Exercise data
* * * * *
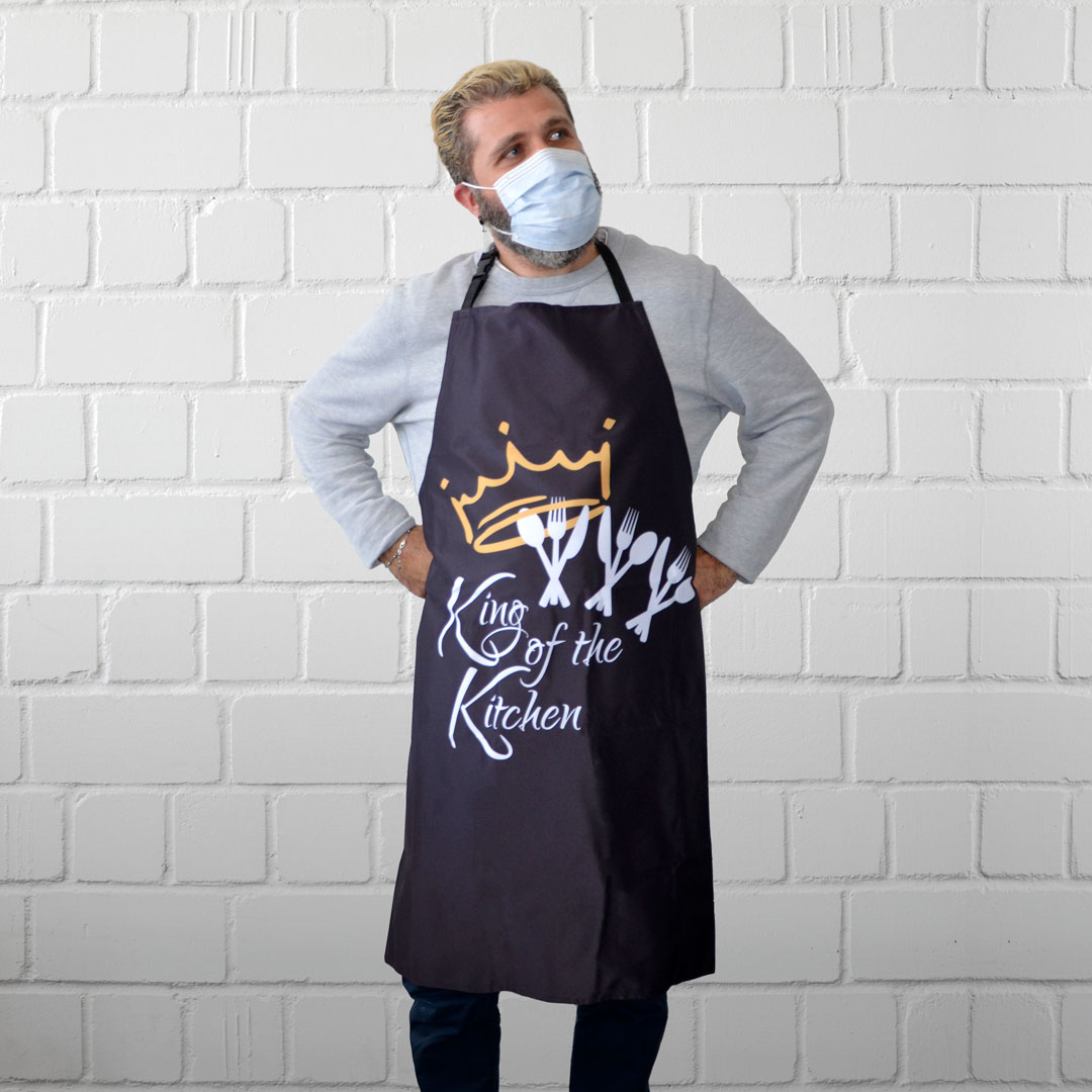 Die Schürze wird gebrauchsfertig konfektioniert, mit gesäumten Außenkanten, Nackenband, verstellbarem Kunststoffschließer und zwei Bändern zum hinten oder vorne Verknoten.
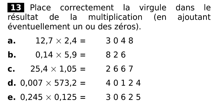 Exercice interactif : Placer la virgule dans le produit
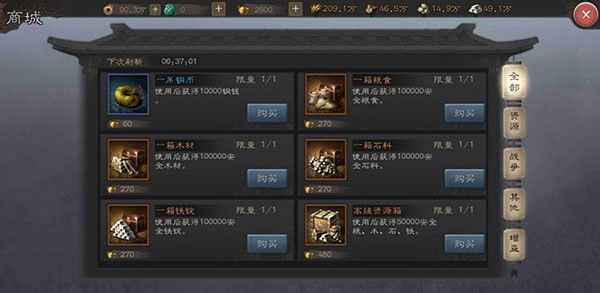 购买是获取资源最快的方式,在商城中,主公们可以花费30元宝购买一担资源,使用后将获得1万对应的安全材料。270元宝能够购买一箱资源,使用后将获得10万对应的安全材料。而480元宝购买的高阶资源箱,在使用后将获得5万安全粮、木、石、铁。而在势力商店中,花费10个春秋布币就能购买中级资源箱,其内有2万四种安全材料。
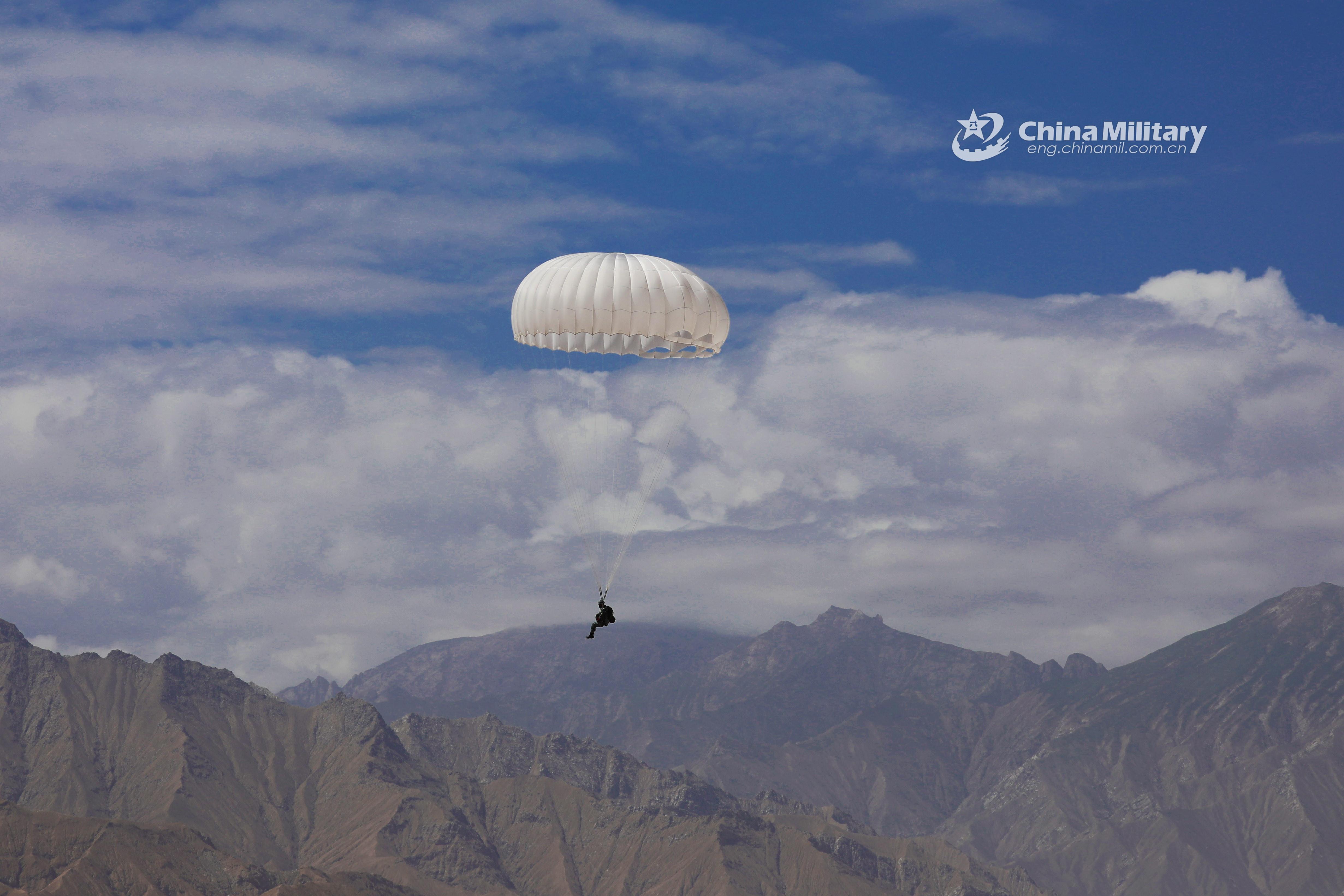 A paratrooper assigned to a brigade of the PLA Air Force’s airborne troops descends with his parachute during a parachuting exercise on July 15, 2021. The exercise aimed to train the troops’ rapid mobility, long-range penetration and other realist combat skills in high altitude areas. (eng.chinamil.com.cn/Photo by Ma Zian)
* * * * *
Assigned task
The response is the full listing, copied exactly, with the pictures omitted.

Completed exercise
 Die Schürze wird gebrauchsfertig konfektioniert, mit gesäumten Außenkanten, Nackenband, verstellbarem Kunststoffschließer und zwei Bändern zum hinten oder vorne Verknoten.
 Exercice interactif : Placer la virgule dans le produit
 购买是获取资源最快的方式,在商城中,主公们可以花费30元宝购买一担资源,使用后将获得1万对应的安全材料。270元宝能够购买一箱资源,使用后将获得10万对应的安全材料。而480元宝购买的高阶资源箱,在使用后将获得5万安全粮、木、石、铁。而在势力商店中,花费10个春秋布币就能购买中级资源箱,其内有2万四种安全材料。
 A paratrooper assigned to a brigade of the PLA Air Force’s airborne troops descends with his parachute during a parachuting exercise on July 15, 2021. The exercise aimed to train the troops’ rapid mobility, long-range penetration and other realist combat skills in high altitude areas. (eng.chinamil.com.cn/Photo by Ma Zian)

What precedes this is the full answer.